Gilmore 's book Uses of Plants by the Indians of the Missouri River Region, originally published in the Thirty-Third Annual Report of the Bureau of American Ethnology in 1919, is considered one of the classics of ethnobotany. Gilmore is one of the first American ethnobotanists, and was among the first white men to respect the environmental knowledge of Native Americans and to understand how intricately Native American Culture was connected to environmental knowledge and practice. Gilmore originally intended to be a Christian missionary and graduated from Cotner University in the town of Bethany, Nebraska (now a Lincoln neighborhood), in 1904-5. He then pursued graduate work at the University of Nebraska under the botanist Charles Bessey. This brought him into a circle that included Frederic Clements and Roscoe Pound, a circle that pioneered the idea of ecology in the biological sciences.

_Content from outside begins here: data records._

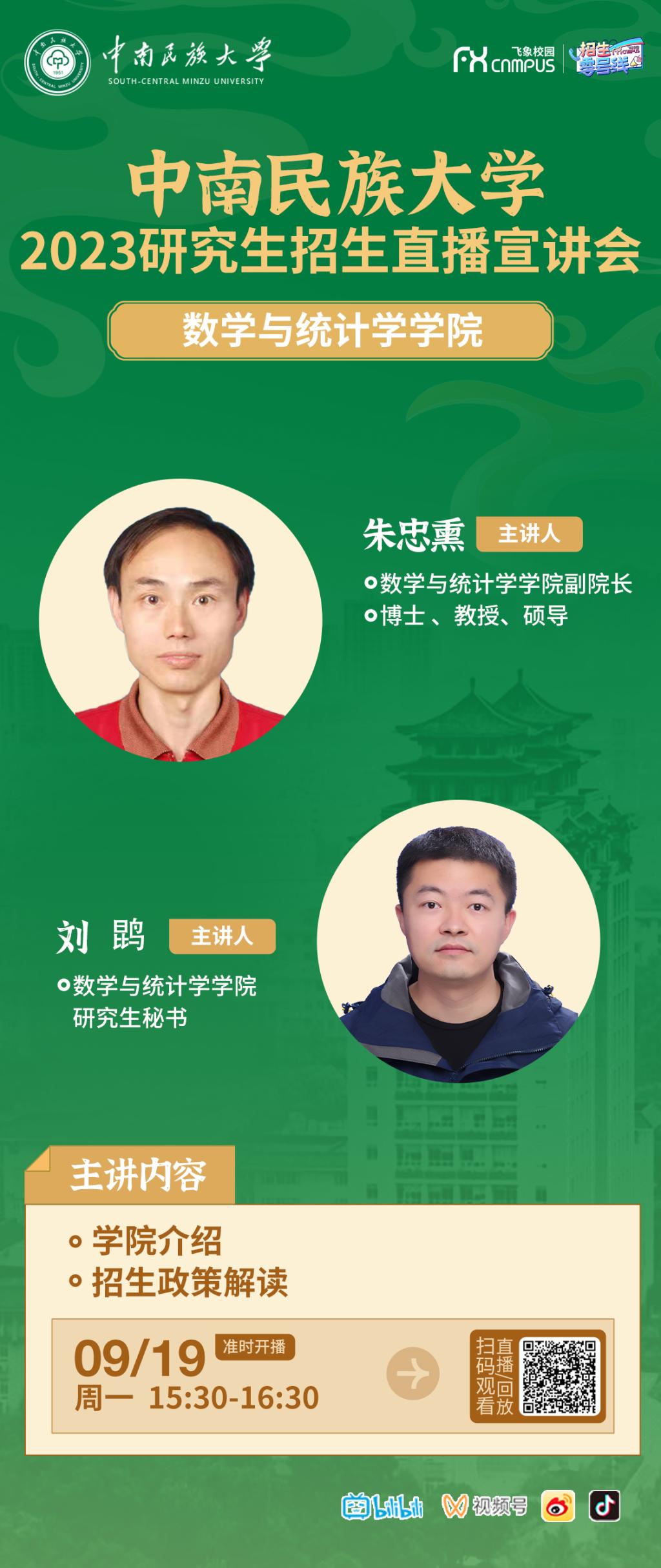 必赢国际437官网2023年研究生招生线上系列宣讲会之三------数学与统计学学院专场(9月19日 15:30)
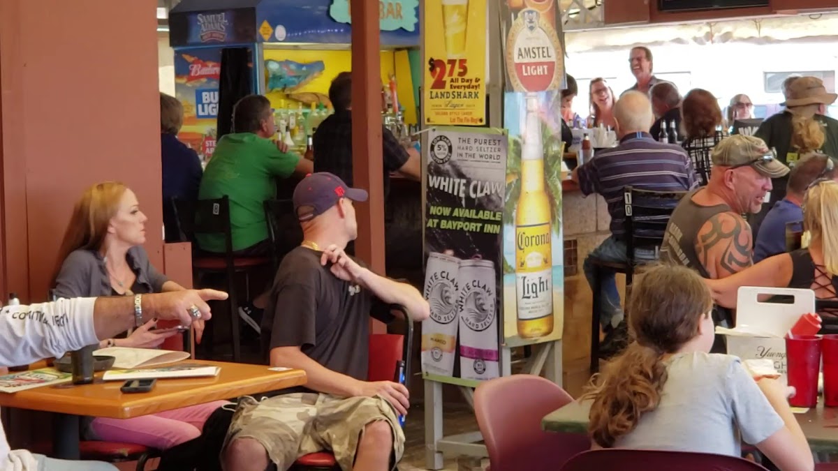 Bayport Inn, located at 4835 Cortez Blvd, Spring Hill, FL 34607, United States, is a seafood restaurant known through 4533 user reviews. It experiences significant peak wait times, especially on weekends and some weekdays, with waits up to 45 minutes in late afternoons and early evenings. Featured menu items include All You Can Eat Shrimp, French Fries, All You Can Eat Fish Fry, Fried Shrimp Basket with Fries, and Raw Oysters served with Stella.
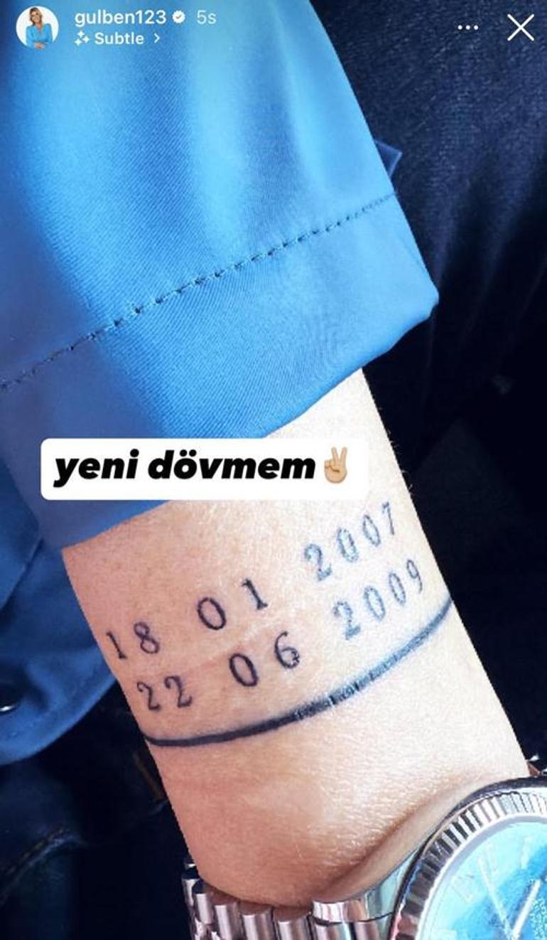 Instagram hesabından paylaşım yapan Gülben Ergen koluna iki farklı tarih yazdırdı. Bir tarih 18 Ocak 2007’ye öbür tarih 22 Haziran 2009’a aitti.
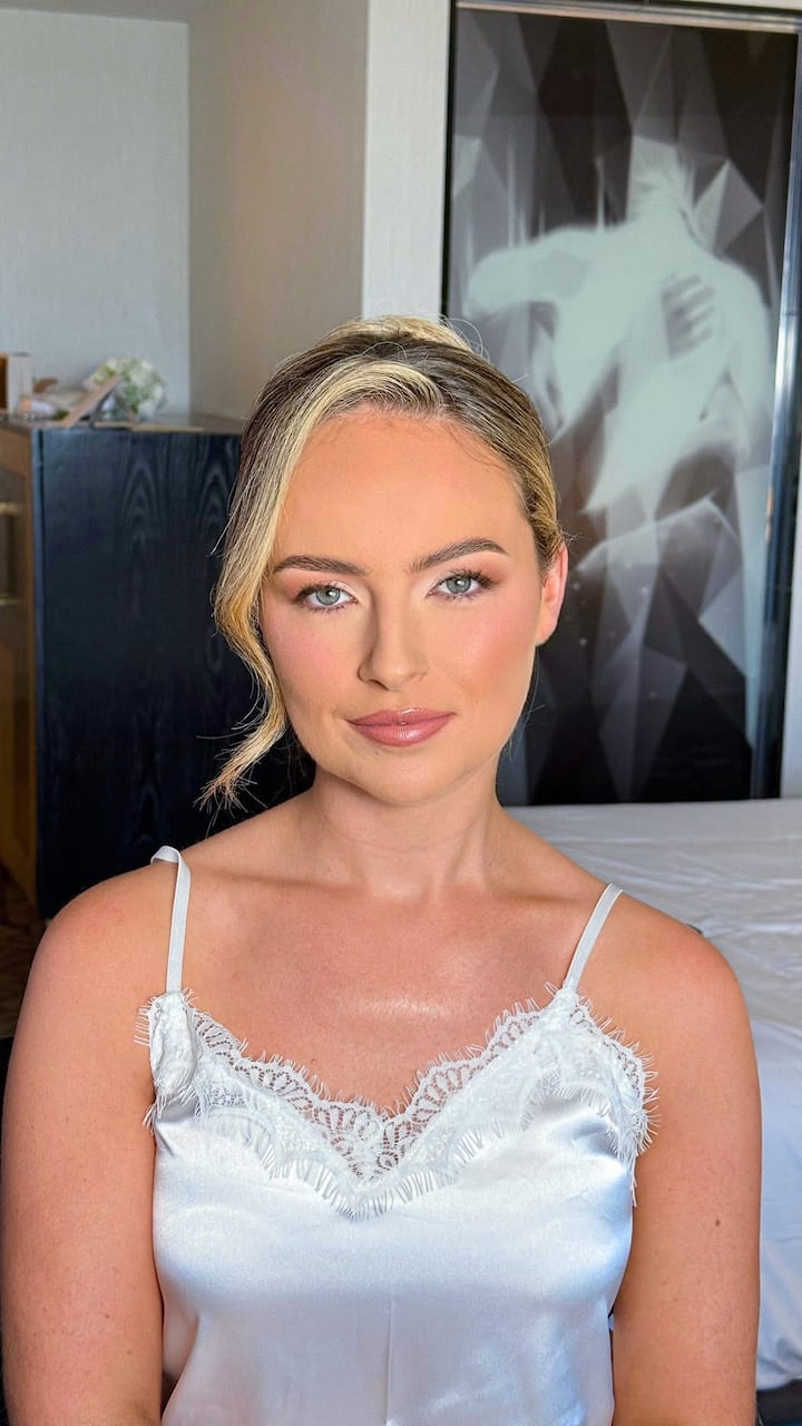 Esta sesión incluye preparación de la piel, base de larga duración, pestañas postizas y sellado resistente al clima de la Riviera Maya.
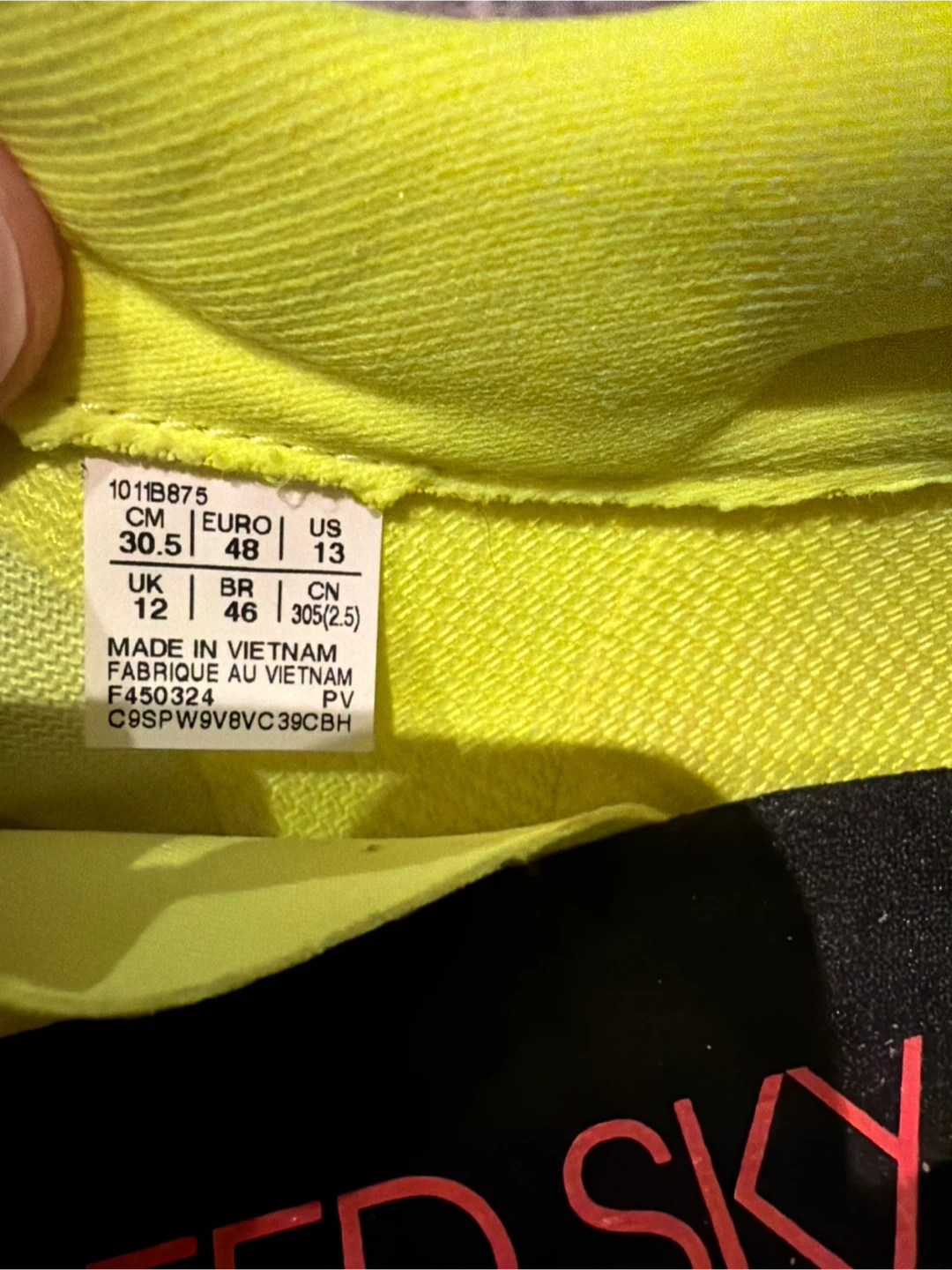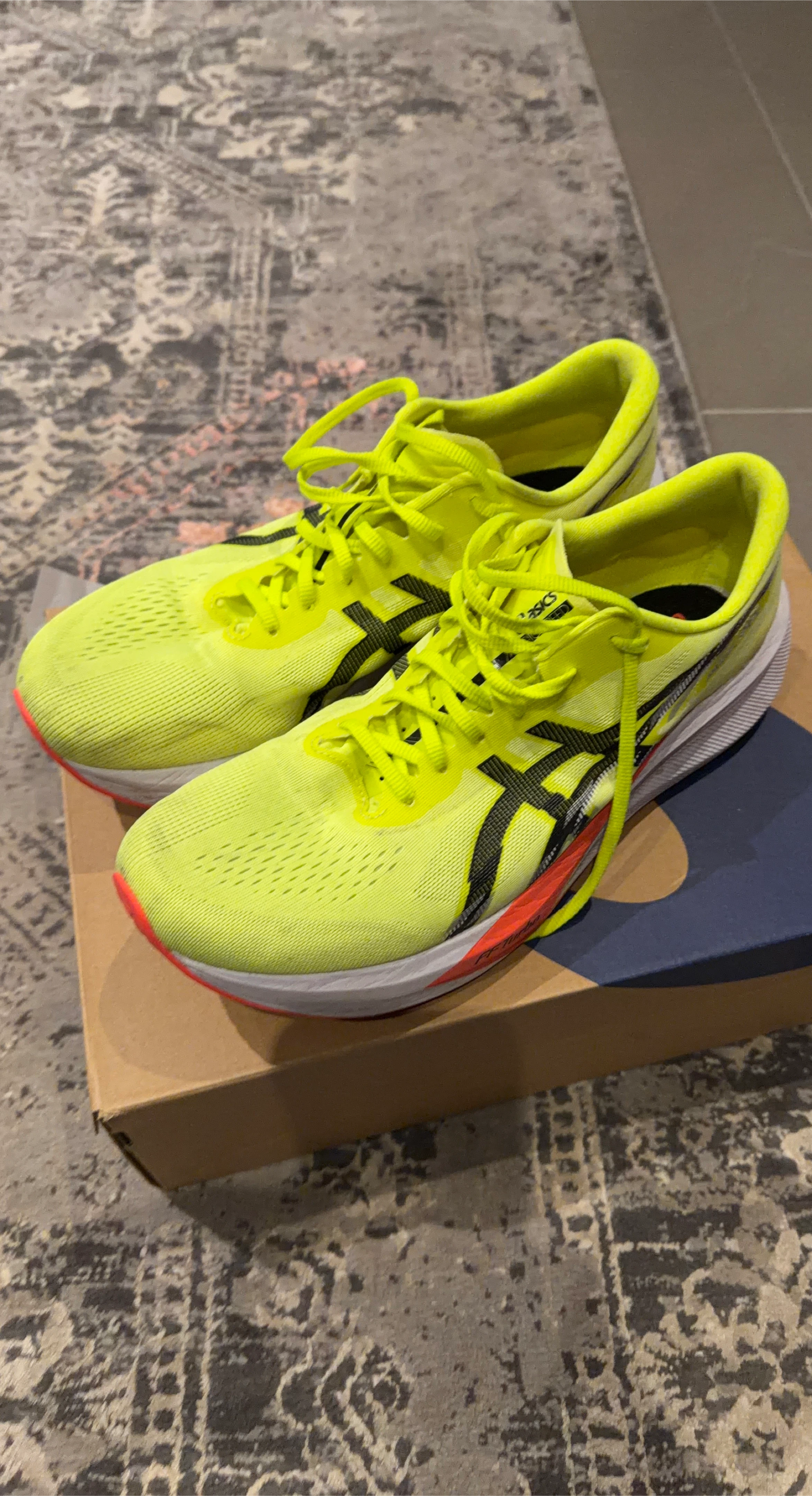 Selling a pair of Asics Magic Speed 3 running shoes in a vibrant yellow colour. Very good condition. Metaspeed Sky replacement insoles. These are a US size 13, EU size 48.

Gilmore also studied anthropological field technique with Addison Sheldon of the State Museum. He was to begin his research at a time when there were still elderly Native American informants who knew the old names, uses, and symbolic meanings attached to native plants.
Gilmore had a distinguished career that took him from the Nebraska State Historical Society to the State Historical Society of North Dakota, then to the Heye Foundation's Museum of the American Indian (then in New York, but now considered the founding collection of the National Museum of the American Indian in Washington) and finally to the position of curator of Anthropology at the University of Michigan.
Nebraska folklorist Roger Welsch wrote the introduction to the Minnesota Historical Society's edition (1987) of Gilmore's Prairie Smoke, a 1929 collection of traditional Plains Indians stories that illustrate their ties to the land.